More practically, a disunified front with incongruent interests and festering internal resentments drastically reduces the likelihood that reform efforts will affect change, as has been the case historically. In the late 19th and mid-20th centuries, for instance, leftist movements advocating for a robust social safety net and protections for the working class had a strong organizing apparatus and plenty of man-power, but internal and racial divisions proved their worst enemy. Progressive factions were embroiled in an oppression olympics of their own, split on whose struggles were more severe — the worker or the Black man. Fractured on the subject of race, they were unable to coalesce around their common goal, and policymakers were less likely to listen to their demands. The result? To this day, the United States does not house a legitimate leftist party, has a relatively immature welfare state, hosts only a few stalwart progressive politicians, and has a relatively immature welfare state. This suggests that if society remains divided on which injustices are the most egregious, policymakers will be equally so when formulating, supporting, and implementing solutions.

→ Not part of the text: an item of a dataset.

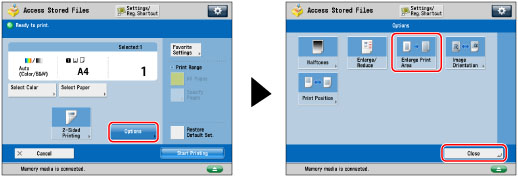 Press [Options] → [Enlarge Print Area] → [Close].

Looking back on the many lunch-table discussions of my childhood, the adolescent questions about race, the backyard debates about our innocent conceptions of suffering and evil, I wish I could have told myself then that oppression was not a competition anyone should seek to win. In the same way that patients do not compete to be the most ill, that nations do not go to war to become the most poor or the least developed, we too must not turn our experience with oppression into points to be accumulated and used against those suffering alongside us. Instead, we must recognize that our acute awareness of injustice, the shared scars borne, the collective tears cried and grievances voiced, are what unite the once subjugated in solidarity to subvert and unravel depraved systems. Perhaps then, we will leave our olympics behind. Perhaps then, rather than going for the gold, we will simply go — together.